Wembley blinked. Slowly.
And always one to babble when nerves hit me, I said, “We’ve cuddled, we’ve kissed. I feel like we’ve grown closer, but…” I shrugged.
“But no nooky.”
“Ew. Don’t use that word.”
He grinned. “You’re thinking about me having nooky with a certain family member, aren’t you Ms. Andrews?”
Darn him, yes, my thoughts had drifted in the vague direction of my mom, Wembley, and nooky, and that was just wrong. So wrong.
Thankfully, a knock at the front door provided a reprieve from this unwanted—dreaded, even—conversation about Alex and my lack of vigorous, acrobatic, chandelier-swinging sex.
Not that my lust-fueled imagination had been running in overdrive or anything…
Before I could get up to answer the door, Alex’s voice called my name. And the sound of his voice, while welcome, chased away the brief feeling of relief I’d felt at the interruption.
I turned to Wembley, shot him the glare of death (also, the glare of I-will-slice-you-with-Tangwystl-should-you-breathe-a-word-of-this-conversation), then called out, “In the kitchen.”
I wasn’t expecting Alex today. He was supposed to be working on a case—without me, thanks very much, Cornelius—and I’d planned a chill day at the house with Boone.
When I turned back to Wembley, he had a grin plastered to his face.
“Seriously, not a word, you big overgrown man-child.” I’d have threatened to tell my mom he was making my love life miserable, but Alex’s hearing was absurdly good. So I whispered, “I’m gonna tell on you,” and left the rest to his imagination. That wiped the smile right off his face.
Since my mother and Wembley were doing the dirty—ick, I needed to bleach my brain—that should carry some weight with him. My mother was quite keen on me having some kind of love life, and up until recently she’d about given up on me.
As Alex joined us in the kitchen, my soon-to-be-dead roommate said, “Hey, Alex. Take your pants off.”
To Alex’s credit, he didn’t flicker an eyelash. “Why am I undressing in the kitchen?”

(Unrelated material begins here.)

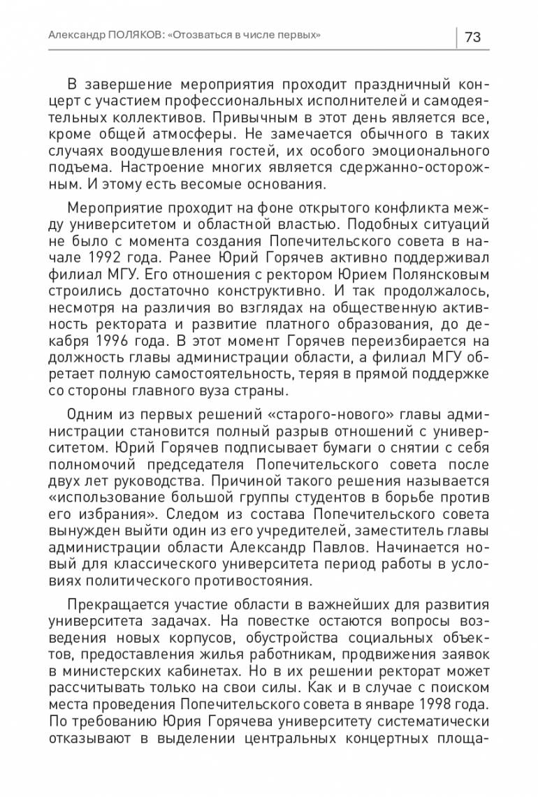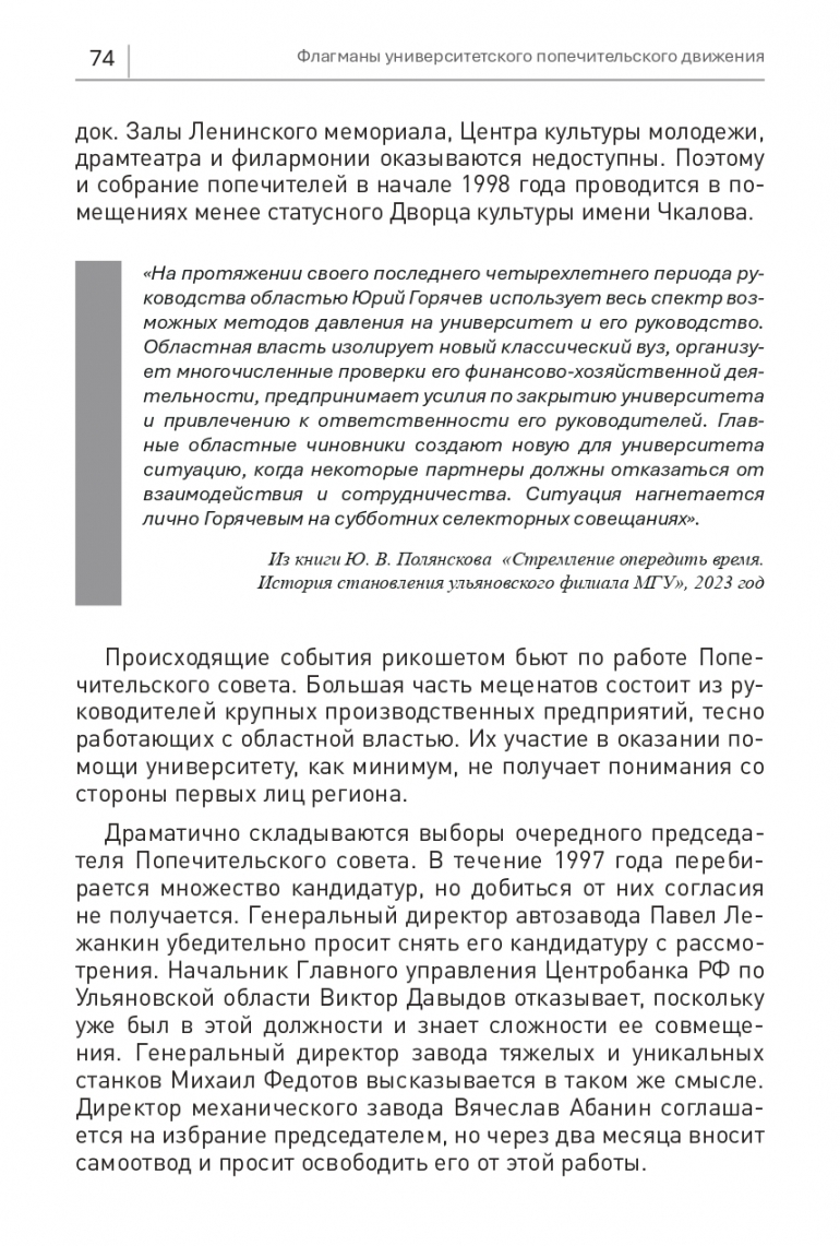 «На протяжении своего последнего четырехлетнего периода руководства областью Юрий Горячев использует весь спектр возможных методов давления на университет и его руководство. Областная власть изолирует новый классический вуз, организует многочисленные проверки его финансово-хозяйственной деятельности, предпринимает усилия по закрытию университета и привлечению к ответственности его руководителей. Главные областные чиновники создают новую для университета ситуацию, когда некоторые партнеры должны отказаться от взаимодействия и сотрудничества. Ситуация нагнетается лично Горячевым на субботних селекторных совещаниях». Из книги Ю.В. Полянскова «Стремление опередить время. История становления ульяновского филиала МГУ», 2023 год

“Figured you were due an equipment check.”
Alex looked confused—thank god—but I didn’t care.
“Tangwystl!” I was going to kill Wembley. Ex-Berserker or not, I was taking him down.
She appeared in my hand with a squeak of joy.
Stab, stabby?
Alex’s gaze flew from Tangwystl to me and then to Wembley. But it was me he addressed when he said, “I don’t have a clue what kind of bizarre roommate argument I’ve just walked into, but we don’t have time for you to maim Wembley. We have a case.”